Sunday, August 31, 2014

Bad Art

It's amazing how much bad art there is. I don't just mean the obvious suspects, like this:

Or this:

I mean the sort of art that is sold by supposedly reputable galleries. It ranges from the type of stuff that my mother thinks is "nice" ("It's so good, it could be a photograph...") to a lazy modernism that looks vauguely like Warhol, Rothko or Pollock, as painted by someone with no talent.

I say this with authority, as I've spent several evenings trawling through websites, trying to find a painting for the chimney breast in our sitting room.
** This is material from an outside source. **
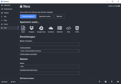 Trotzdem lässt KeeWeb keine wichtige Funktion vermissen, kann beispielsweise direkt auf verschiedene Cloud-Speicher für die Synchronisation zugreifen, unterstützt das KDBX-Format von KeePass und kann dessen Dateien direkt öffnen. Das ist auch gut so, da KeeWeb keine sonstigen Import- oder Exportmöglichkeiten kennt und auch selbst keine mobilen Apps bietet. Alle Apps für das KDBX-Format können aber die KeeWeb-Datei auch auf Android oder iOS laden.

I thought the internet would offer an embarrassment of riches, but it has been a depressing experience.

However, I have learned some useful lessons:
  • Avoid artists with shortened names like Mick, Bob, Roz, Jen etc
  • Don't bother with eBay
  • Look up an artist you like on Google images to find kindred spirits
  • Check the sizes - I almost bought a linocut that was only marginally larger than a Burkina Faso postage stamp
  • A good print is better than an indifferent original
But in spite of this learning curve, my internet searches remained fruitless and I failed to find anything until today, when I discovered an artist in the real world who seduced me with her wares.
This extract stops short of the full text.